Content starts
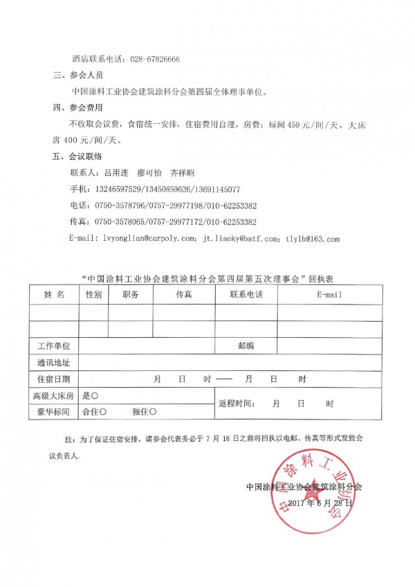 时间:7月24日下午报到,25日上午理事会,25日下午参观三棵树成都工厂。
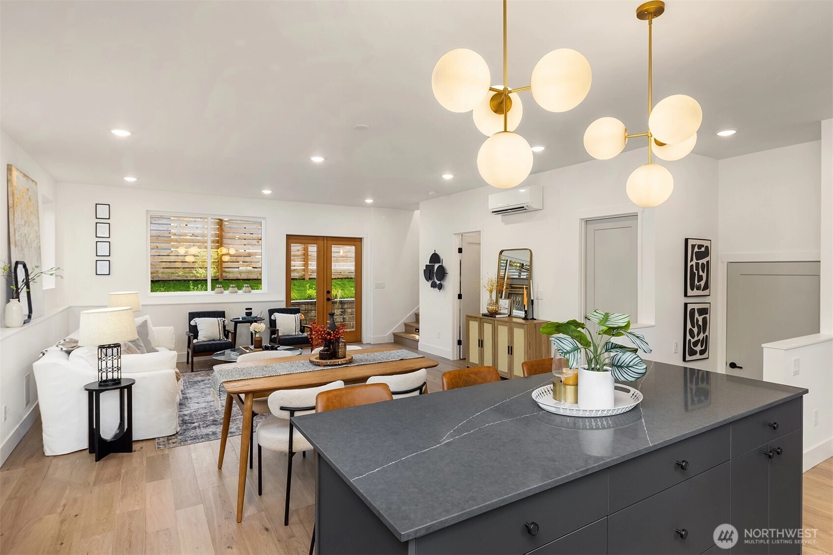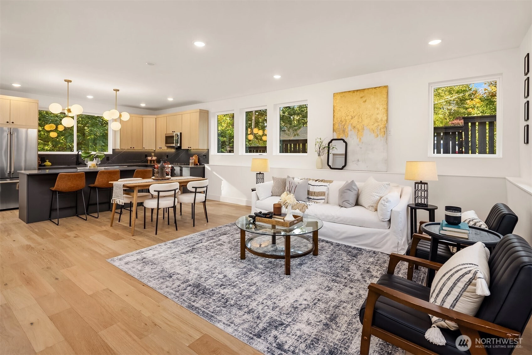 Beautiful new construction home in North Seattle's Olympic Hill's neighborhood. Step inside to a light-filled open-concept living, dining & kitchen - perfect for entertaining. Living space is extended outdoors to a private patio & grassy backyard ideal for pets, gatherings or gardening. Second floor features stunning primary with en-suite, laundry room, two additional bedrooms and full bath. Not the top level, find a versatile family room with covered deck & fourth bedroom & bathroom, perfect for guests or home office. Nestled in a quiet, tree-filled neighborhood, this home offers a serene feel while maintaining convenience to amenities of North Seattle and easy access to I-5. Attached garage and over-sized driveway allow for ample parking.
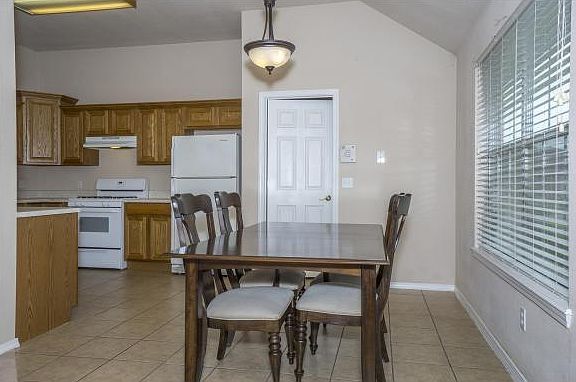 Nice open plan that flows from living room to dining and also open to kitchen. Lots of family conversation.....master bedroom is split and has large double sinks and a separate garden tub and ceramic tile shower. Nice landscaping, fenced and a covered patio. Just steps away to the Middle School.
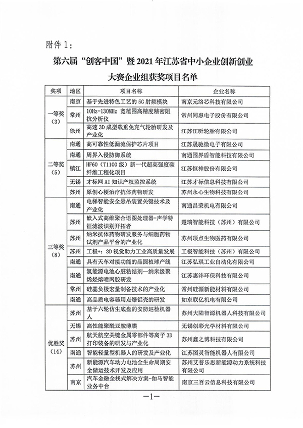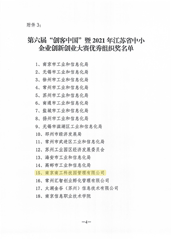 近日,第六届“创客中国”暨2021年江苏省中小企业创新创业大赛顺利落下帷幕,江苏省工业和信息化厅综合各市宣传发动、报名组织、参赛人数、承办赛事等情况,评选了大赛优秀组织奖,必赢官网大学科技园运营公司——南京南工科技园管理有限公司名列其中。
Content ends
* _Assignment_
The required output is every line from the beginning of the material above through the line with "Beautiful new construction", exact and without pictures.

* _Solution for this problem_
 时间:7月24日下午报到,25日上午理事会,25日下午参观三棵树成都工厂。
 Beautiful new construction home in North Seattle's Olympic Hill's neighborhood. Step inside to a light-filled open-concept living, dining & kitchen - perfect for entertaining. Living space is extended outdoors to a private patio & grassy backyard ideal for pets, gatherings or gardening. Second floor features stunning primary with en-suite, laundry room, two additional bedrooms and full bath. Not the top level, find a versatile family room with covered deck & fourth bedroom & bathroom, perfect for guests or home office. Nestled in a quiet, tree-filled neighborhood, this home offers a serene feel while maintaining convenience to amenities of North Seattle and easy access to I-5. Attached garage and over-sized driveway allow for ample parking.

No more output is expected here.